社長インタビュー(3/6)
鉄道ビジネス
ニューヨークの地下鉄に商品を納入予定、中国でも高速鉄道駅舎に放送設備
-最近、海外ビジネスではどのような動きが?
最も大きなトピックは、ニューヨーク市地下鉄に車両を納めている鉄道車両メーカーから車内放送設備の発注をいただいたことです。今後も引き続き、地下鉄車両用の設備を納めることができればと考えています。この案件は当社のグローバル鉄道ビジネスの新たな攻勢となるポイントでもあり、大変嬉しく思っています。
いま鉄道は、安全性やコスト、環境性能の高さなどから世界的に見直されており、特に高速鉄道プロジェクトは大型案件が目白押しです。このような中で、世界の鉄道界で高いステータスを誇るニューヨーク市地下鉄の仕事を獲得できたことは、世界のどこでも通用する実績になるでしょう。PR効果は絶大で、従業員の士気も大いに高まっています。アメリカの別の鉄道案件をはじめ、世界の鉄道に当社の音響設備やセキュリティ設備を納入できるよう、国境を越えて取り組みを強めます。

-中国でも、鉄道ビジネスが拡大しているとか。
こちらは上海を中心とした高速鉄道網の駅舎が対象です。杭州線の7駅、南京線の18駅に案内放送設備を納入したほか、北京線への納入も進んでいます。

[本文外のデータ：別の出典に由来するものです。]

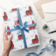 Holland Michigan "Big Red"-fyr med vatten stänk och fiskmås på vit bakgrund. Bakgrunden till färg kan ändras.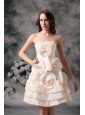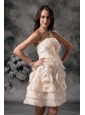 Elegant Champagne Strapless Short Prom / Homecoming Dress Mini-length Organza

行ってみると分かるのですが、中国では少し内陸部へ行くと、まだバスしか交通手段がなかったりします。それだけ、開発の余地が大きいのです。現在、国を挙げてインフラ整備が進んでおり、マーケットは急拡大中。ただ、どの国でもそうですが、公共事業では実績が重視されます。そこで、他社に先駆けて受注活動に取り組み、実績を積み上げているという訳です。
近い将来、鉄道インフラが整ってくれば、主要駅の周辺には新たな100万都市が幾つも生まれることになるでしょう。新都市には、幾つものビルや施設が作られます。北京五輪や上海万博、そして高速鉄道での実績をバネに、そういった施設にも放送設備を納めることができれば、中国マーケットの成長をそのまま当社の業績に反映させられるようになります。
これらを見越し、当社では現在、現地ニーズに応えられる地域専用商品の開発に力を入れています。例えば銀行向けの呼び出し放送設備のようなシンプルな商品実績もあり、今後も現地開発・現地生産・現地販売していければと思います。